面白いから診るというのでは体が持たない | kyupinの日記 気が向けば更新

面白いから診るというのでは体が持たない

先々週くらいから退院が相次ぎ、全体のベッドの使用率が93%まで低下していた。その後、入院が立て続けにあり、あっという間に99%まで回復した。ただ、1名を除いて新規入院患者をすべて僕が担当にしてしまったので大変な忙しさになったのである。担当にしてしまったと言うのは変だけど、なんとなく僕に診てほしいという感じが紹介状に出ていたのと、難しい患者さんは自分がやってみたいという気持ちが強いのが災いした。これでは体が持たない。

最近、痛感しているのは、「面白いから診るというのでは体が持たない」ということ。

このブログを見て、ぜひ僕に診てほしいと思う人もいるかもしれない。しかし最初から言っておくが、そういう希望は受けられない。理由はいくつかある。1つは、うちの病院では「kyupin=僕」であることは誰も知らないのである。もしわかると非常に困ることも生じる。理由はいちいち書かないから想像してほしい。

すごく遠方から患者さんが来院したとしよう。職員はあの患者はなぜうちに来たんだという話になる。ブログと関連付けられるのは時間の問題である。あと、そういう患者さんはこのブログを見ているような人なので、僕にも非常にプレッシャーがかかる。普通の患者さんではなく、いうならば「お客さん」なのである。僕にとっても、職員にとっても。

僕のところに偶然に来た従来の患者さんと比べて、そういう風に来た人を特別扱いで治療したくない。僕はどの患者さんも平等に治療したい。僕の感覚ではそんな風に来た患者に限ってうまくいかないような気もしている(伸び伸びと治療できない分)。

僕は状況にもよるが、全く家族に説明もせずに薬物の適応も無視して処方していることもある。
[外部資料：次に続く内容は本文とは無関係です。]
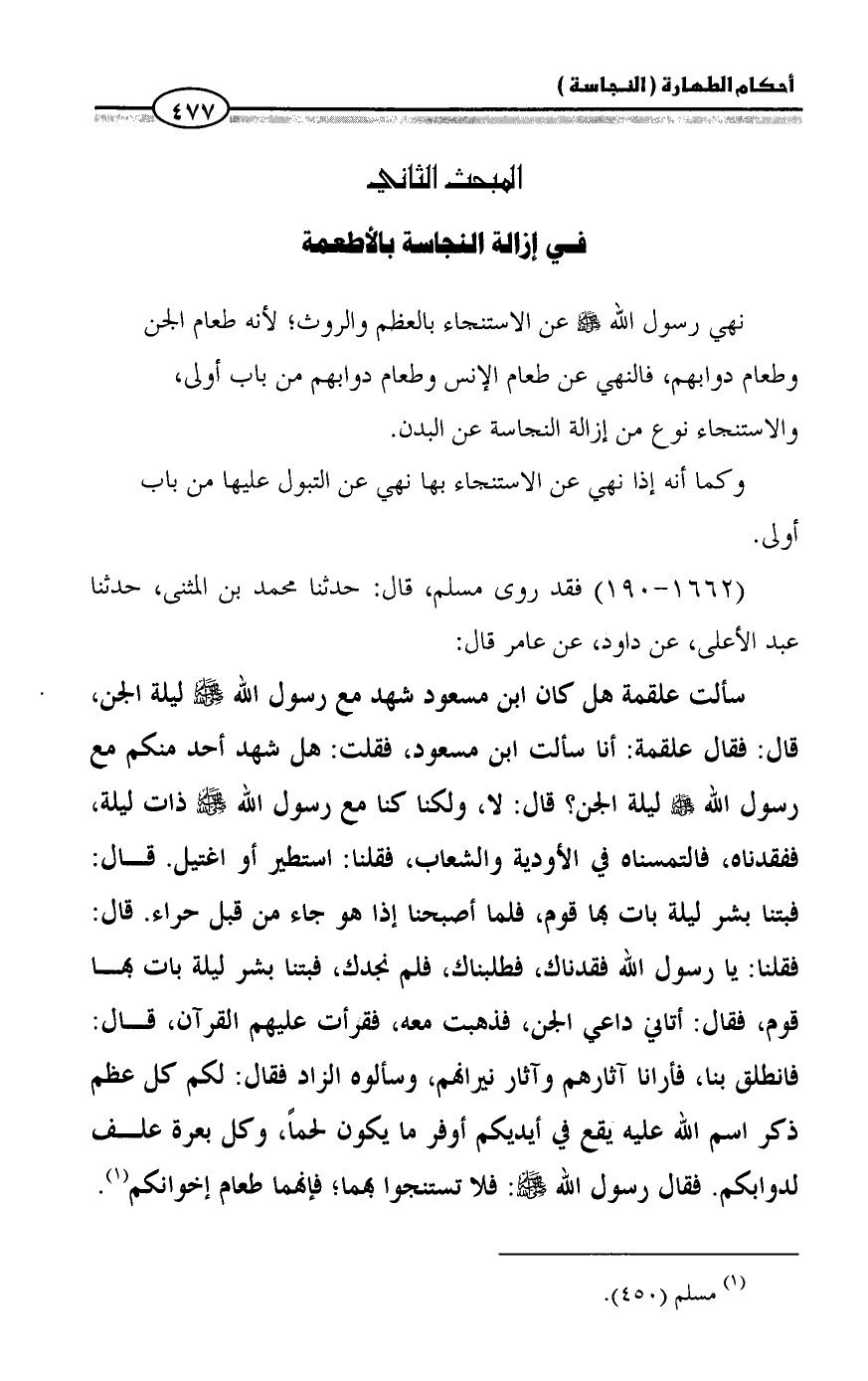 سألت علقمة هل كان ابن مسعود شهد مع رسول الله - صلى الله عليه وسلم - ليلة الجن، قال: فقال علقمة: أنا سألت ابن مسعود، فقلت: هل شهد أحد منكم مع رسول الله - صلى الله عليه وسلم - ليلة الجن؟ قال: لا، ولكنا كنا مع رسول الله - صلى الله عليه وسلم - ذات ليلة، ففقدناه، فالتمسناه في الأودية والشعاب، فقلنا: استطير أو اغتيل. قال: فبتنا بشر ليلة بات بها قوم، فلما أصبحنا إذا هو جاء من قبل حراء. قال: فقلنا: يا رسول الله فقدناك، فطلبناك، فلم نجدك، فبتنا بشر ليلة بات بها قوم، فقال: أتاني داعي الجن، فذهبت معه، فقرأت عليهم القرآن، قال: فانطلق بنا، فأرانا آثارهم وآثار نيرانهم، وسألوه الزاد فقال: لكم كل عظم ذكر اسم الله عليه يقع في أيديكم أوفر ما يكون لحماً، وكل بعرة علف لدوابكم. فقال رسول الله - صلى الله عليه وسلم -: فلا تستنجوا بهما؛ فإنهما طعام إخوانكم (¬١).

遠来から来た患者さんであるからには、いちいち、その説明も必要になると思われる。その患者さんの家族も、そのくらいの覚悟で来ているだろうから。

遠来から来るような患者さんの場合、自分の子供はいったい統合失調症なのかどうかの診断を聞きたいと思う家族もきっといると思う。僕は告知しないタイプなのに、「どう答えればいいんだ」と言いたい。

数ヶ月前、僕の友人の家族を治療する機会があった。初診時は簡単そうに見えたのだが、いざ治療するととてつもなく難しかった。なんとか薬物療法の範囲で寛解させて、かろうじて満足できる病状で退院させた。入院中いろいろなことがあり、普通の患者さんの5人分の労力を使った。あれなら自分の親戚の方が断然楽だと思った。退院後の経過はまあまあ良いようなので、面目は保てた。(この治療の際に、生まれて初めての体験をした。これはいつか紹介したい)
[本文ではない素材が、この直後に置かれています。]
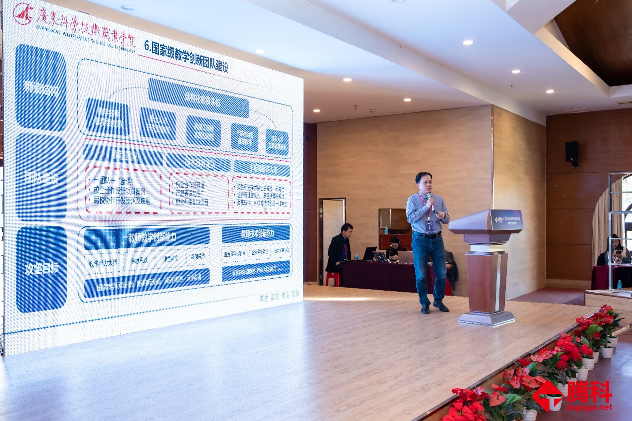 我校计算机学院副院长杨忠明教授做《华为鲲鹏数字产业学院的建设与实践》报告,结合高职教育现代产业学院建设要求,广东科学技术职业学院联手华为开展战略合作,对接产业需求,共建鲲鹏数字产业学院,打造一流信创特色的产业学院,创新 “1+1+N”合作共建机制,与十余家华为生态企业(“N”)累计投入400余万打造华为产业人才培养生态链。其中,腾科与广东科学技术职业学院共同打造应用创新实验室,完成本地化实验室、实训实训基地建设,通过仿真企业环境与企业管理,项目化教学培养ICT人才。目前已建成华为1+X网络系统管理实训基地、华为5G运维实训基地、人工智能应用创新中心(AI项目研发)、人工智能应用创新中心(昇腾AI应用研发)。

この友人の家族を治療した時のストレスを考えるに、もし僕の匿名性が保たれなくなり、なにがしかの患者がうちの病院に来るようになったら、たぶん過労死するだろうと思う。

このブログは、僕の匿名性が保たれなくなった時点で、中止しようと思っている。そのくらいの気持ちなのである。今のこのブログで、僕のメッセージをみんなに伝えていくということで満足してほしいし、僕の気持ちも理解してほしいと思っている。